Facts about Dying declaration:
- It is credible.
- It is trustworthy.
Case law: P.V Radhakrishna v. State of Karnataka AIR 2003:
In this case, the Apex court relied on the principle on which dying declaration is based. And the principle is ‘Nemo moriturus praesumitur mentire’. It is a Latin maxim which means that a person will not meet with his maker of death which lies in his mouth.
Case law: Surajdeo Ojha & Ors. V. State of Bihar:
This case discusses the brief statement. It was held that if there is a brief statement recorded, then it can not be denied only on this point that it is brief!. And on the contrary it was said that If any statement is short, it itself guarantees truthfulness.
Exceptions of Dying declaration
There are some exceptions to the dying declaration as well. In these exceptions, the statement given by a person will not be considered admissible in the court of law.
- When the person is not a competent witness:
It means that the person giving the declaration must be competent enough. A dying declaration given by a child will not be admissible in the court.
Case law: Amar Singh v state of MP:
In this case, it was said that the dying declaration will not be considered reliable without the proof of mental fitness.
- Uninfluenced dying declaration:
The dying declaration should not be done under the influence of anyone. It should not be done under anyone’s pressure. And if any dying declaration is given under the influence of any person then it will not be admissible in the eyes of law.
- Contradictory statement:
If any person has given more than one dying declaration, and they appear to be contradictory to each other. So it will lose its value.
Duty of the court:
- It’s the duty of the court to check that there was no possibility of undue influence.
Nirbhaya rape case:
In Nirbhaya rape case, dying declaration was given in the form of signs and gestures.
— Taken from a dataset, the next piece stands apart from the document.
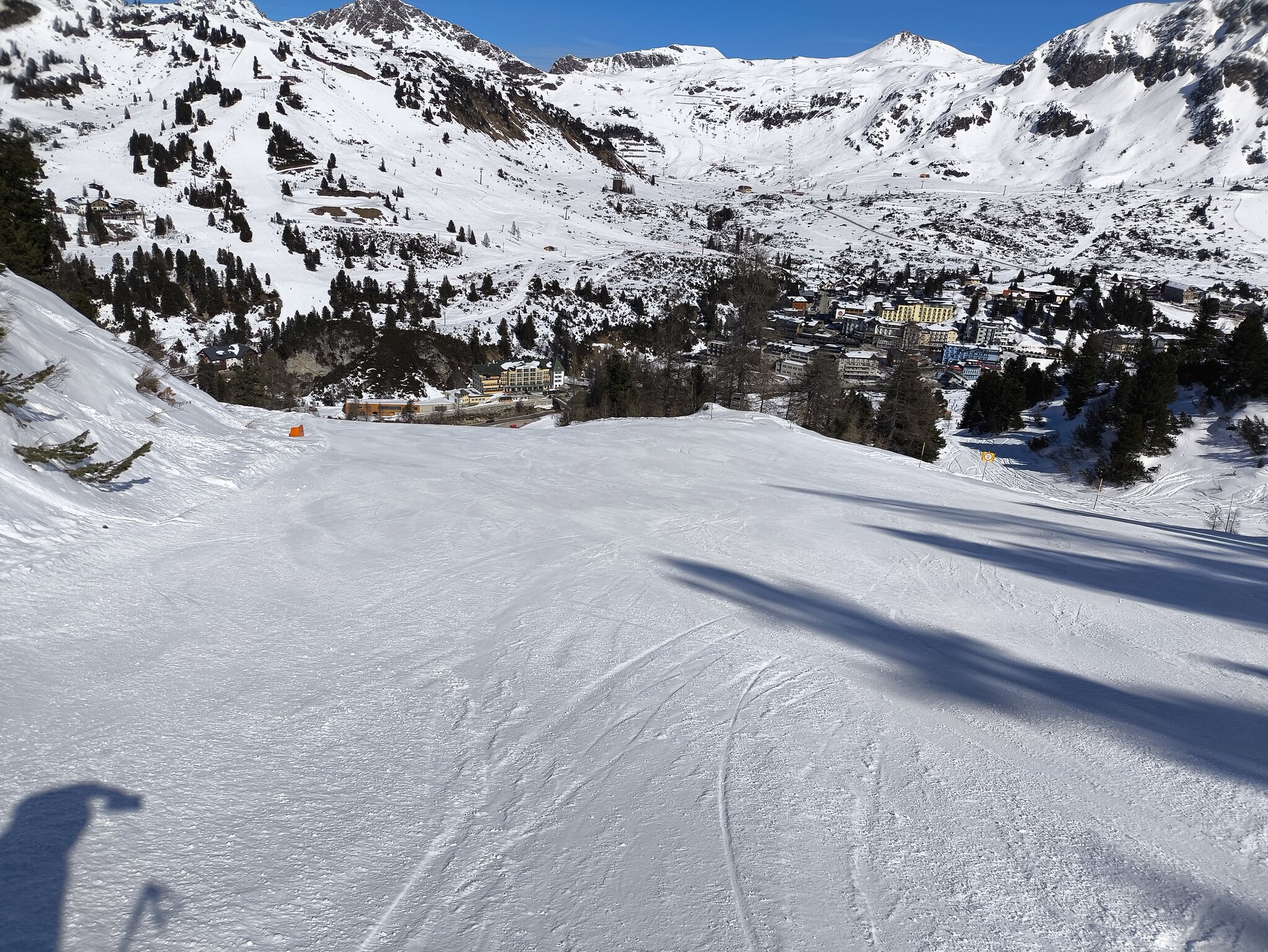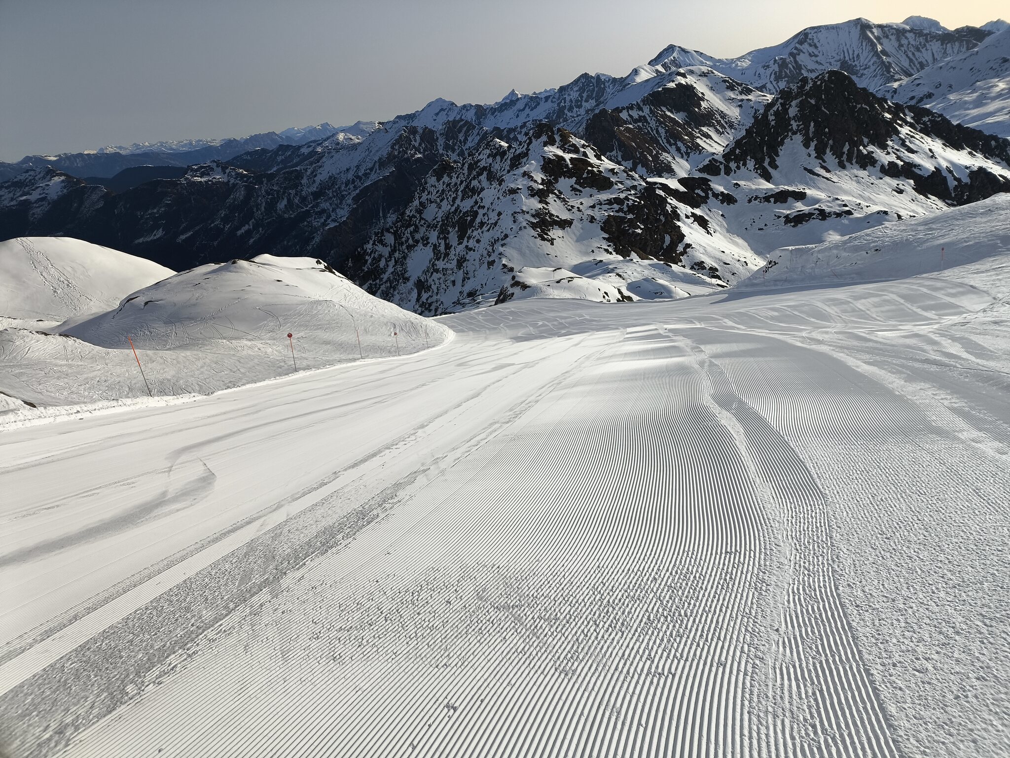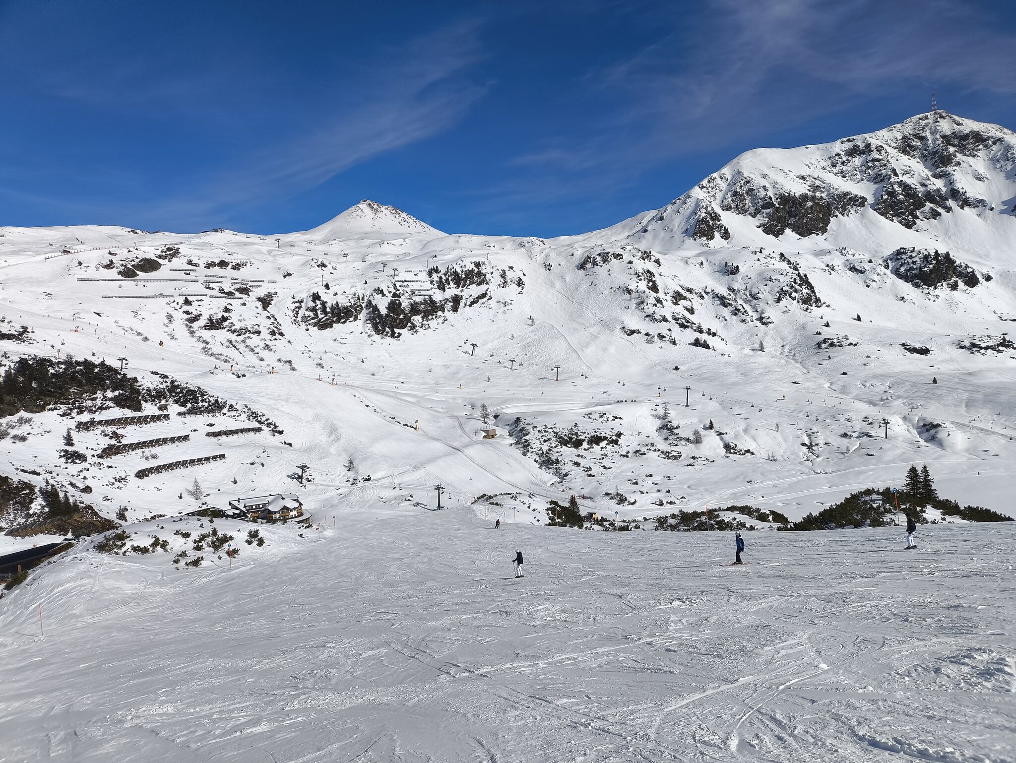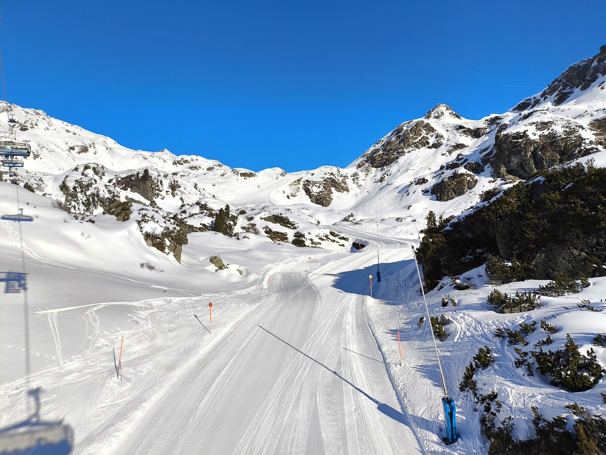 Was weitere mögliche Öffnungen zum kommenden WE angeht, will ich nicht zu viel spekulieren, dazu kenne ich das Skigebiet zu wenig. Auf vielen der noch geschlossenen Pisten waren grosse, tlw. unverteilte und tlw. bereits angeschobene Beschneiungshaufen zu sehen. Ich nehme an, dass es ein beachtliches Angebot sein wird
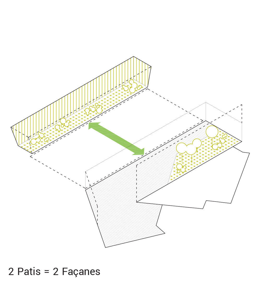 Nuestra propuesta no renunciar a esta complejidad, sino que la incorpora a su diseño como una forma de integración en el contexto. La llanura de la plaza se transforma poco a poco en escala para enlazarse de una manera casi natural con el pasaje del sur. De esta manera elimina en el sur la barrera entre la Plaza y el pasaje. Pasaje y Plaza quedan integrados y tienen continuidad el uno en el otro.

In this case, Nirbhaya gave her first dying declaration on the night of December 16,2012. This statement was recorded in front of a doctor and this was her first declaration.
Dying declaration by Rape victims
State of Assam v Mahim Barkataki:
In this case, the rape victim had made a statement. And when she was giving this statement, she was full of burn injuries. So in her dying declaration she had alleged that she was being raped by the accused and after that kerosene was being put on her. The court found this dying declaration reliable and a trustworthy source of evidence. So in this case conviction was solely based on the dying declaration.
Language of the Statement:
There is nothing regarding the language of the statement made. Dying declarations can be made in any language. Court can’t deny the statement on the fact that it is being given in this language or other. Dying declaration can be in any language.
Najjam Faraghi in alias Nijam Faruqui v. State of West Bengal 1996 CriLJ866:
In fact, it was being held that a dying declaration given by a person in his own language will actually increase the value of the evidence.
FIR as Dying declaration
Can an FIR be treated as a dying declaration?
Yes! The answer to this question is obviously yes. It was stated in one of the cases.
Case law: K Ramachand reddy v Public Prosecutor:
In this case a situation emerged that when a person filed an FIR. He died simultaneously. In this case the FIR was considered as a dying declaration.
Case law: Biju Joseph v State of Kerala:
In this case it was said that statement can be recorded in any language. And if the statement of the deceased was made in her own language, then it will not reduce its value.
The trust the court and judges had on the dying declaration is because of this fact that a dying man will never lie. The concept of dying declaration is evolving day by day and it’s cogency has been proved in many landmark judgments.